> **RECORD SET**:
-- Opening Marker --

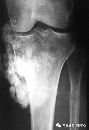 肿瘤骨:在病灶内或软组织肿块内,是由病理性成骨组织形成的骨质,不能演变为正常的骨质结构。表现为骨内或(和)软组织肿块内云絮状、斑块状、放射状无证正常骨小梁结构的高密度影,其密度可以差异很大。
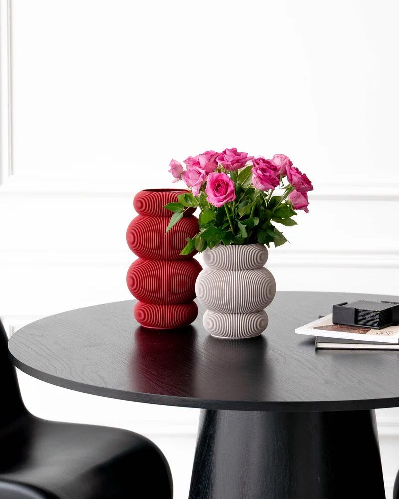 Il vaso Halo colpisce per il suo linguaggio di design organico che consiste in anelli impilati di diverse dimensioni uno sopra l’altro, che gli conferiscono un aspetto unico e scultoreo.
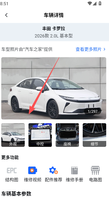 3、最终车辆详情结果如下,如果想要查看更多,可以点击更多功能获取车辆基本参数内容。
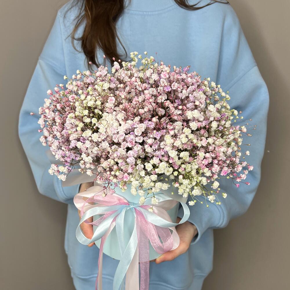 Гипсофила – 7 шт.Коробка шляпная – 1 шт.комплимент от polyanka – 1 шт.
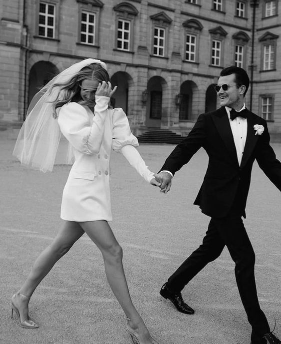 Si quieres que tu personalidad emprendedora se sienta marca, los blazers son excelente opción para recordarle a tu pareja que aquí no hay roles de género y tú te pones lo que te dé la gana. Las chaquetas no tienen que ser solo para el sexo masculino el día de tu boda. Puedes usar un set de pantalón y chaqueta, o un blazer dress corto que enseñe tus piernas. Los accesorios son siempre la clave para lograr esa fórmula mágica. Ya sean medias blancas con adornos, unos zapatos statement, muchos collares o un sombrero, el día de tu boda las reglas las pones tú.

-- Closing Marker --

> **ACTIVITY**:
Leave out the pictures, then reproduce exactly the run of lines from the one that contains "Il vaso Halo" to the final line of the listing above.

> **RESPONSE TO THIS EXERCISE**:
 Il vaso Halo colpisce per il suo linguaggio di design organico che consiste in anelli impilati di diverse dimensioni uno sopra l’altro, che gli conferiscono un aspetto unico e scultoreo.
 3、最终车辆详情结果如下,如果想要查看更多,可以点击更多功能获取车辆基本参数内容。
 Гипсофила – 7 шт.Коробка шляпная – 1 шт.комплимент от polyanka – 1 шт.
 Si quieres que tu personalidad emprendedora se sienta marca, los blazers son excelente opción para recordarle a tu pareja que aquí no hay roles de género y tú te pones lo que te dé la gana. Las chaquetas no tienen que ser solo para el sexo masculino el día de tu boda. Puedes usar un set de pantalón y chaqueta, o un blazer dress corto que enseñe tus piernas. Los accesorios son siempre la clave para lograr esa fórmula mágica. Ya sean medias blancas con adornos, unos zapatos statement, muchos collares o un sombrero, el día de tu boda las reglas las pones tú.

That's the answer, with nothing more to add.